## TASK DETAILS
Write out an exact copy of the line containing "由于技术的独占性,人人都想用" and all lines that follow it in the data below, leaving out pictures.

## DATA BLOCK

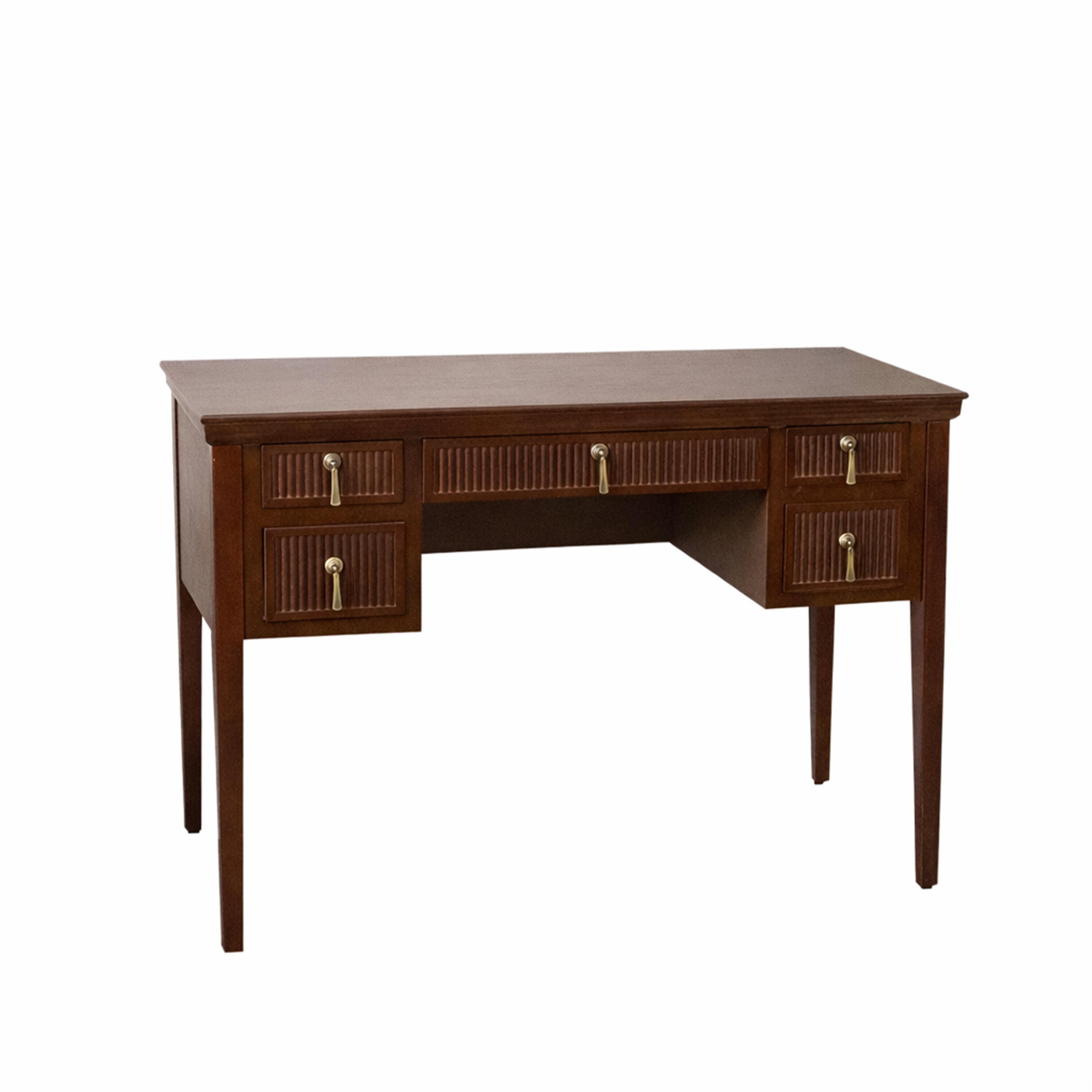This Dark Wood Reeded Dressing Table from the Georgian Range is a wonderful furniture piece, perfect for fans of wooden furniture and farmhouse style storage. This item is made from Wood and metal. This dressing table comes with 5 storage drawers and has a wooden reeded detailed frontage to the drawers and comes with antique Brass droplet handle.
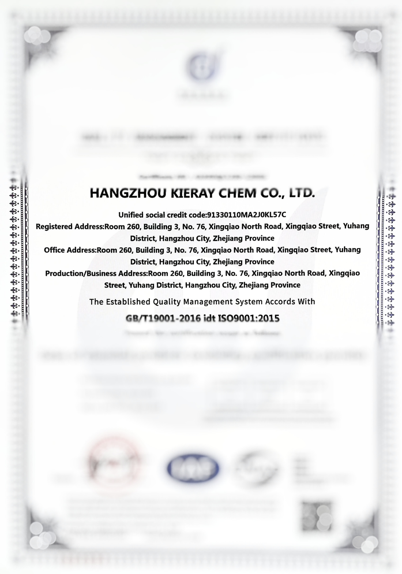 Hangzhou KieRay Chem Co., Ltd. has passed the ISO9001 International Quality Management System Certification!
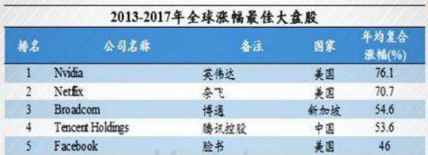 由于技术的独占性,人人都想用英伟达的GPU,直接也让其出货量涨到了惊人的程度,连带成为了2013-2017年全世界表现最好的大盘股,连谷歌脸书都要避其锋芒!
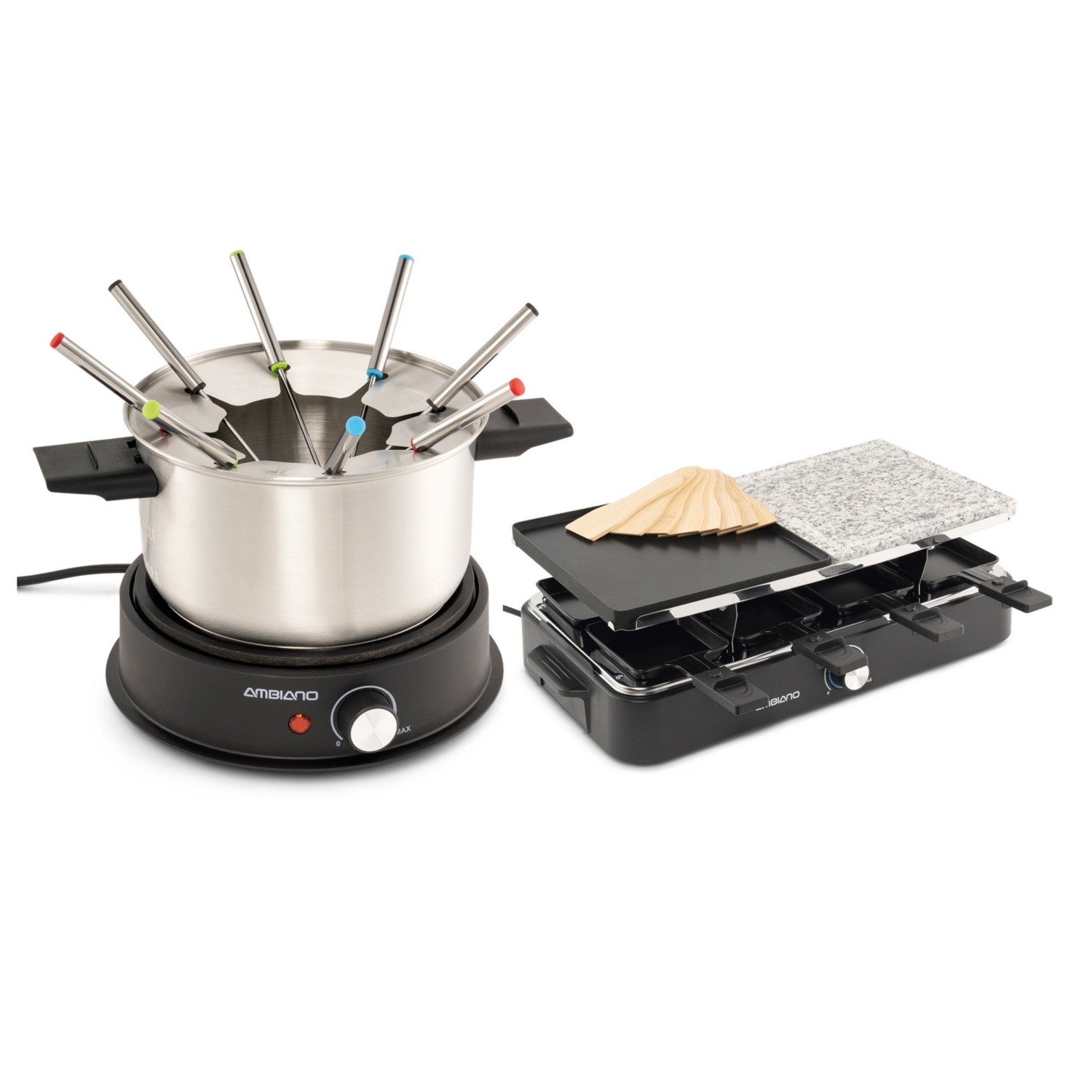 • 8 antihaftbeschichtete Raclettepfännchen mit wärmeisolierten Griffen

## SOLUTION TO THE EXERCISE
 由于技术的独占性,人人都想用英伟达的GPU,直接也让其出货量涨到了惊人的程度,连带成为了2013-2017年全世界表现最好的大盘股,连谷歌脸书都要避其锋芒!
 • 8 antihaftbeschichtete Raclettepfännchen mit wärmeisolierten Griffen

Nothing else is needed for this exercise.